Lugana, armonie senza tempo

“Isola mediterranea” nel cuore della Pianura Padana, come la definisce Daniele, dove su un terreno argilloso, morenico e calcareo, si curano viti e olivi come se ci si trovasse in un clima toscano o laziale. Il lago di Garda è lì, testimone ed erede di un immenso ghiacciaio disciolto diecimila anni fa, accarezzato da due venti famosi: il Peler, che soffia fino al mattino da nord, e l’Ora che lo sostituisce da sud dal primo pomeriggio. Insieme contribuiscono a regolare ottimamente l’escursione termica, che tanto bene fa al vino a alla sua acidità. Vino che, secondo la Doc, tollera un 10% di altre uve a bacca bianca, ma che i produttori preferiscono realizzare in purezza. Caratteristica determinante nella realizzazione è che l’alcol, attraverso l’autolisi dei lieviti, riesce ad estrarre molecole odorose al di là del fruttato e a conferire così maggiore complessità a un vino particolarmente corposo e strutturato, destinato anche a grandi invecchiamenti.

Lugana, armonie senza tempo

La degustazione

E ora parliamo un po’ degli assaggi che ci siamo potuti regalare. Partendo a ritroso dall’annata 2021 che è stata dichiarata assolutamente eccezionale per qualità, con un tenore acido molto sostenuto, e quantità non abbondante.
Abbiamo assaggiato diversi Lugana Doc di questa annata, ecco i nostri appunti

La Meridiana – immediato, con note di cedro e pietra focaia, vago calore alcolico e grande acidità
Cantina Bulgarini – ben strutturato, con chiari cenni di cereali, derivati probabilmente dal lungo processo fermentativo, con lievi tratti di funghi fresco e botritis
Ottella (Le Creete) – fermentativo e ricco di sali, agrumato (verso Trebbiani “famosi”) con commistioni terziarie
Montonale (Montunal) – ricco in bocca, agrumato di cedro e pompelmo, grande dolcezza alcolica, tipico e complesso
Cascina Maddalena (Capotesta) – rusticamente positivo, ha trascorso più tempo sulle fecce, acido e agrumato, astringente ed equilibrato
Colli VaiBò – equilibrato con note tra il floreale e il fruttato, sapido e di buona struttura
Scolari (Premium) – trendy, fruttato e complesso, fresco e croccante
Borgo La Caccia (Inanfora) – fermentazione e affinamento in anfore di terracotta, restituiscono aroma e personalità con toni floreali e grande persistenza

Facendo poi un passo indietro, verso annate via via più lontane, abbiamo affrontato percorsi estremamente interessanti.

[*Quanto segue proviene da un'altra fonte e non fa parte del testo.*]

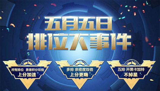 这说的就是排位大事件啦。可以用三句话来概括,“勇者积分双倍,亲密度双倍,五排不掉星”。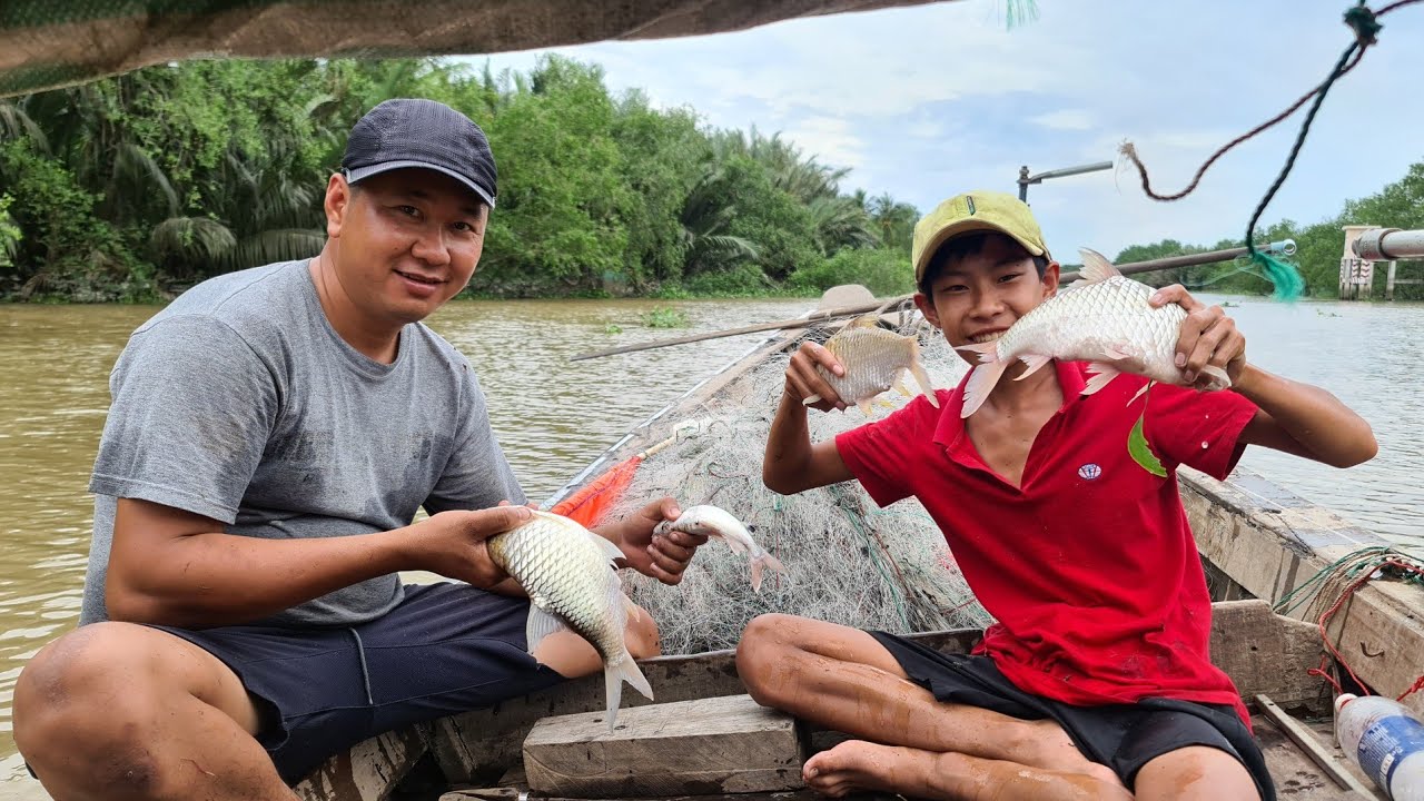 Mưa ngập nước 3 anh em bắt cá rô. Lẩu cá rô đồng - Bin Đen Miền Tây # 156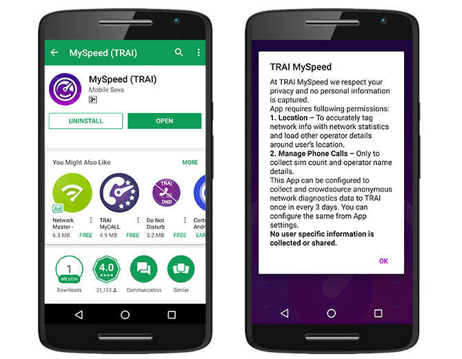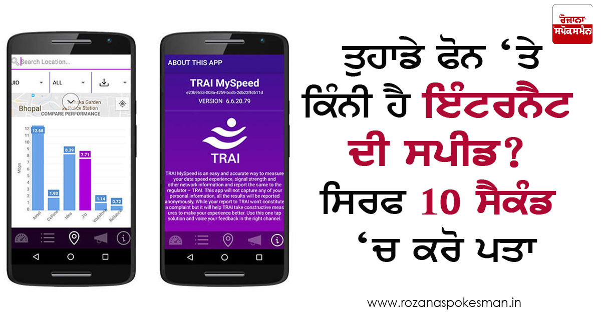 ਟੈਲੀਕਾਮ ਰੈਗਿਉਲੇਟਰੀ ਅਥਾਰਿਟੀ ਆਫ ਇੰਡੀਆ (TRAI) ਨੇ ਇੱਕ ਨਵਾਂ ਐਪ ਲਾਂਚ ਕੀਤਾ ਹੈ। ਇਸਦੀ ਮਦਦ ਨਾਲ ਯੂਜਰਸ ਫੋਨ ਉੱਤੇ ਮਿਲ ਰਹੀ ਇੰਟਰਨੈਟ ਸਪੀਡ ਨੂੰ ਚੈਕ ਕਰ ਸਕਦੇ ਹਨ। ਯਾਨੀ ਕੰਪਨੀ ਜਿਸ ਸਪੀਡ ਦਾ ਦਾਅਵਾ ਕਰ ਰਹੀ ਹੈ ਕਿ ਉਹ ਫੋਨ ਉੱਤੇ ਮਿਲ ਰਹੀ ਹੈ ਜਾਂ ਨਹੀਂ ? ਇਸ ਗੱਲ ਦਾ ਪਤਾ ਲਗਾਇਆ ਜਾ ਸਕਦਾ ਹੈ। ਇਸ ਐਪ ਦਾ ਨਾਮ MySpeed ਹੈ। ਇਸਦੀ ਮਦਦ ਨਾਲ ਯੂਜਰ ਸਿਰਫ 10 ਸੈਕੰਡ ਵਿੱਚ ਫੋਨ ਉੱਤੇ ਆ ਰਹੀ ਇੰਟਰਨੈਟ ਸਪੀਡ ਦਾ ਪਤਾ ਲਗਾ ਸਕਦਾ ਹੈ। ਇਹ ਐਪ ਜੀਓ, ਏਅਰਟੈਲ, ਆਇਡੀਆ, ਵੋਡਾਫੋਨ, BSNL, ਏਅਰਸੈਲ ਸਮੇਤ ਸਾਰੇ ਟੈਲੀਕਾਮ ਕੰਪਨੀ ਦੀ ਇੰਟਰਨੈਟ ਸਪੀਡ ਦੱਸਦਾ ਹੈ।

Citari (Sorgente Lugana Doc 2020) – (annata fredda) di un verdolino carico, con frutta esotica, acido e croccante, nordico quasi “rieslingheggiante”
Azienda Agricola Bosco (Lugana Doc 2020) – (annata fredda) sapore delicato con una leggera acidità, sapido dal colore giallo paglierino con lievi riflessi verdi
Olivini (Demesse Vecchie Lugana Doc 2018) – (annata fredda e piovosa) note di pietra focaia e di combustione, ma sempre con uno sfondo di agrumi verdi
Corte Sermana (Sermana Lugana Riserva Doc 2017) – (annata calda, quasi tropicale) un leggero passaggio in legno conferisce spunti di mandorla, note fenoliche e leggermente tanniche (un bianco che canta il Blues, come dice Daniele Cernilli)
Perla del Garda (Madre Perla Lugana Doc 2009) – (annata fresca e piovosa) dorato, porta al naso frutta esotica matura e cereali, sostenuto da grande acidità che regala ancora tanta freschezza
Tenuta Roveglia (Lugana Doc 2002) – (annata fredda e piovosa) vino ancora di grande acidità, con evidenti note agrumate e di cereali, accompagnate da sentori terziari, tanto da confermarlo espressione autentica del territorio
Tenuta Roveglia (Limne Lugana Doc 1996) – (annata fredda) agrumato e ricco di frutto, con sostenuta acidità e lievi note tanniche, al sorso risulta ancora persistente e caratteristico

Finisce così la serata romana di questo evento dedicato al Lago di Garda e ai suoi territori circostanti, alla storia di un grande vino italiano, identitario anche in tutte le sue specifiche tipologie: Lugana, Lugana Superiore, Lugana Riserva, Lugana Vendemmia Tardiva e Lugana Spumante.
Un grazie speciale a tutti i produttori che ci hanno permesso di conoscere, riscoprire o approfondire le qualità e le particolarità di questi vini veramente “Senza Tempo”.